Stored data |
_ _ _

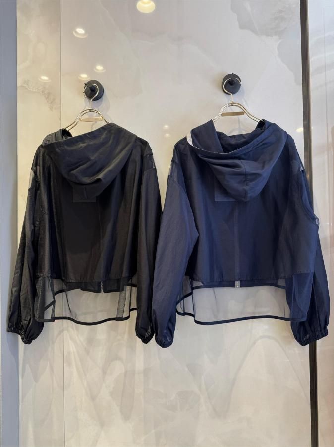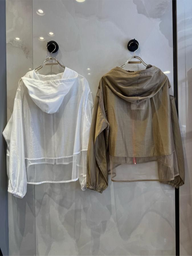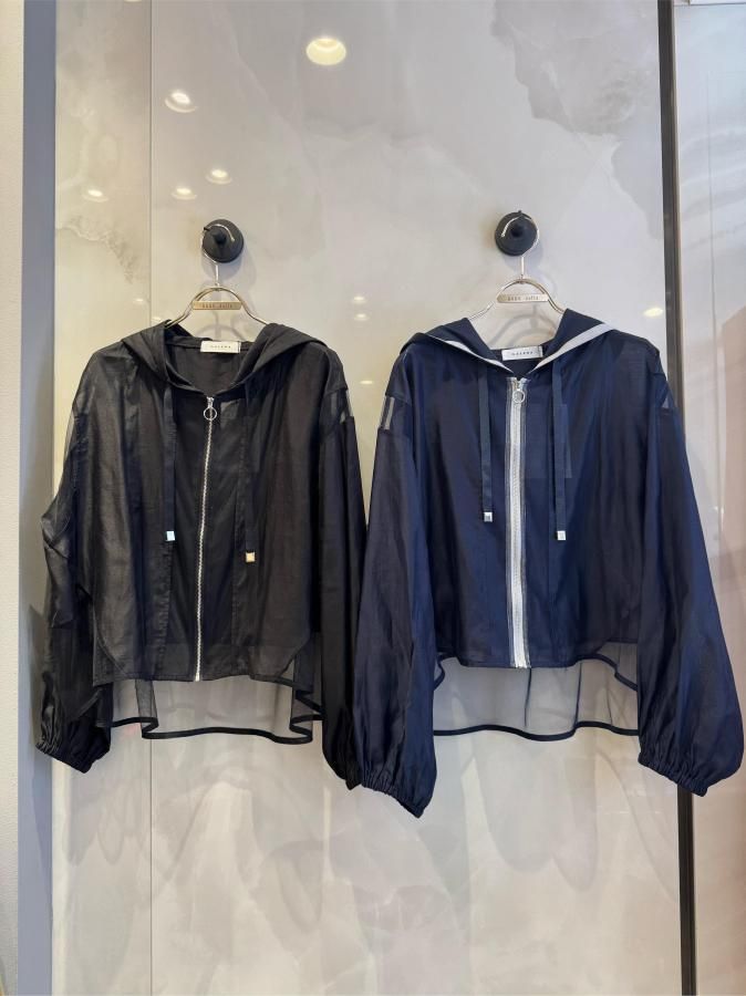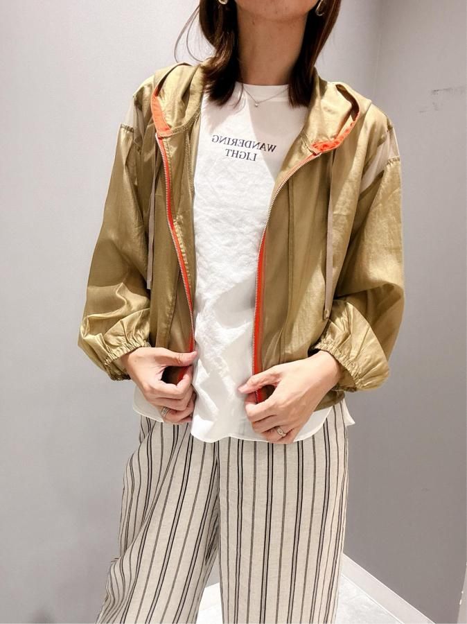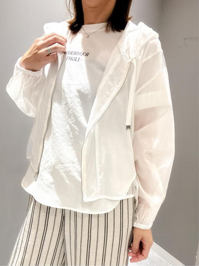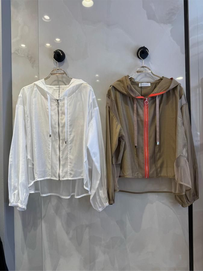 シアー切り替えが施されたこのパーカーは、他にはない上品な印象を与えます。
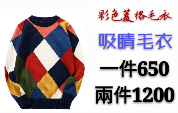 優寶購物《ubao.Tw》特貨品商城,黑貓宅配,取貨付款,彩色 菱格 拼接 拼布 修身 毛衣 格子 | Yahoo拍賣
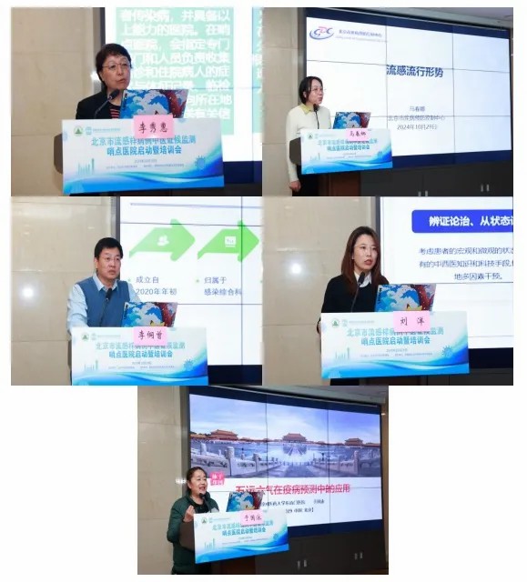启动仪式结束后,哨点成员单位人员进行了培训。李秀惠教授首先介绍了哨点医院的建立和本次中医证候监测项目的总体部署;北京市疾病预防控制中心马春娜副主任医师讲授了2024年流感流行形势;北京佑安医院李侗曾教授讲解了流感样病例的诊断及调查表采集的前期工作总结;北京佑安医院刘洋副主任医师对《流感样病例中医证候监测调查表》进行了解读;北京中医药大学东直门医院于国泳教授讲解了五运六气在疫病预测中的作用。最后,各单位学员就调查表的相关内容与专家进行了交流讨论。
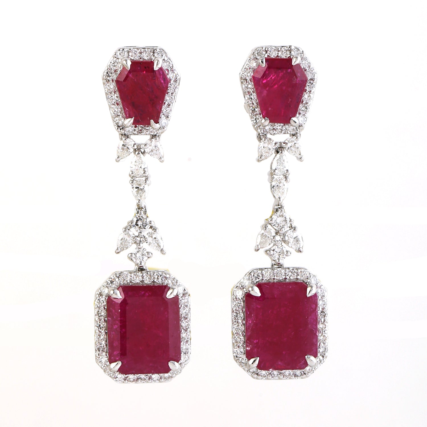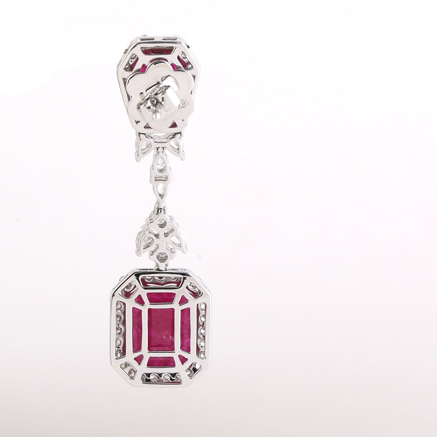 • Octagon Cut Ruby Prong Rose Cut Diamond Designer Dangler In Solid White Gold
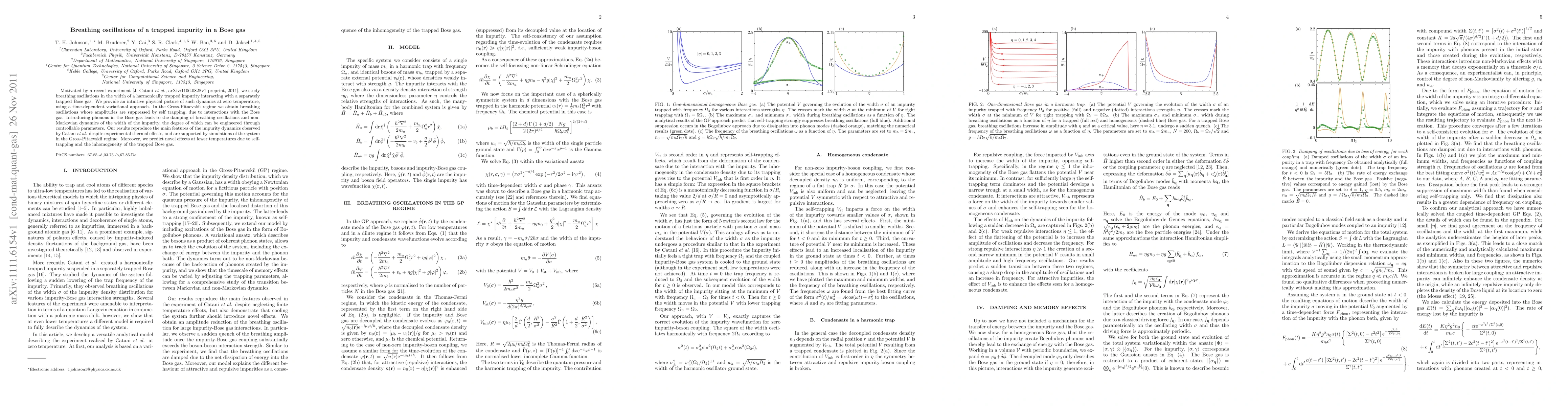 Motivated by a recent experiment [J. Catani et al., arXiv:1106.0828v1 preprint, 2011], we study breathing oscillations in the width of a harmonically trapped impurity interacting with a separately trapped Bose gas. We provide an intuitive physical picture of such dynamics at zero temperature, using a time-dependent variational approach. In the Gross-Pitaevskii regime we obtain breathing oscillations whose amplitudes are suppressed by self trapping, due to interactions with the Bose gas. Introducing phonons in the Bose gas leads to the damping of breathing oscillations and non-Markovian dynamics of the width of the impurity, the degree of which can be engineered through controllable parameters. Our results reproduce the main features of the impurity dynamics observed by Catani et al. despite experimental thermal effects, and are supported by simulations of the system in the Gross-Pitaevskii regime. Moreover, we predict novel effects at lower temperatures due to self-trapping and the inhomogeneity of the trapped Bose gas.
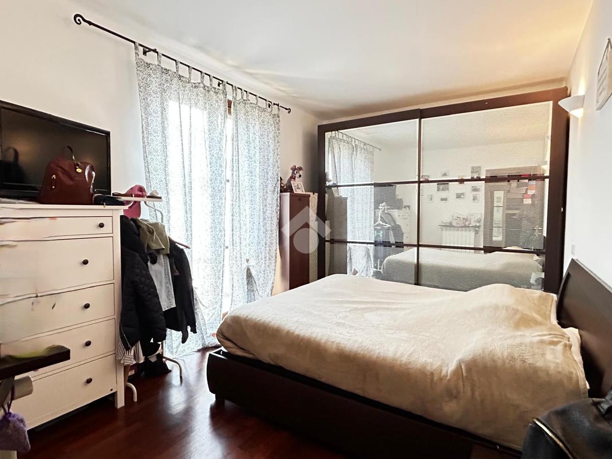 Un pratico disimpegno conduce alla zona notte, dove troviamo una camera matrimoniale di generosa metratura, servita da un secondo balcone, e un bagno finestrato con finiture moderne.

_ _ _

PROBLEM TO WORK ON | Using the records above, print exactly the run of lines that starts with the line with "優寶購物《ubao.Tw》特貨品商城,黑貓宅配,取貨付款,彩色 菱格 拼接" and goes on through the line with "Solid White Gold", pictures excluded.

EXERCISE ANSWER |
 優寶購物《ubao.Tw》特貨品商城,黑貓宅配,取貨付款,彩色 菱格 拼接 拼布 修身 毛衣 格子 | Yahoo拍賣
启动仪式结束后,哨点成员单位人员进行了培训。李秀惠教授首先介绍了哨点医院的建立和本次中医证候监测项目的总体部署;北京市疾病预防控制中心马春娜副主任医师讲授了2024年流感流行形势;北京佑安医院李侗曾教授讲解了流感样病例的诊断及调查表采集的前期工作总结;北京佑安医院刘洋副主任医师对《流感样病例中医证候监测调查表》进行了解读;北京中医药大学东直门医院于国泳教授讲解了五运六气在疫病预测中的作用。最后,各单位学员就调查表的相关内容与专家进行了交流讨论。
 • Octagon Cut Ruby Prong Rose Cut Diamond Designer Dangler In Solid White Gold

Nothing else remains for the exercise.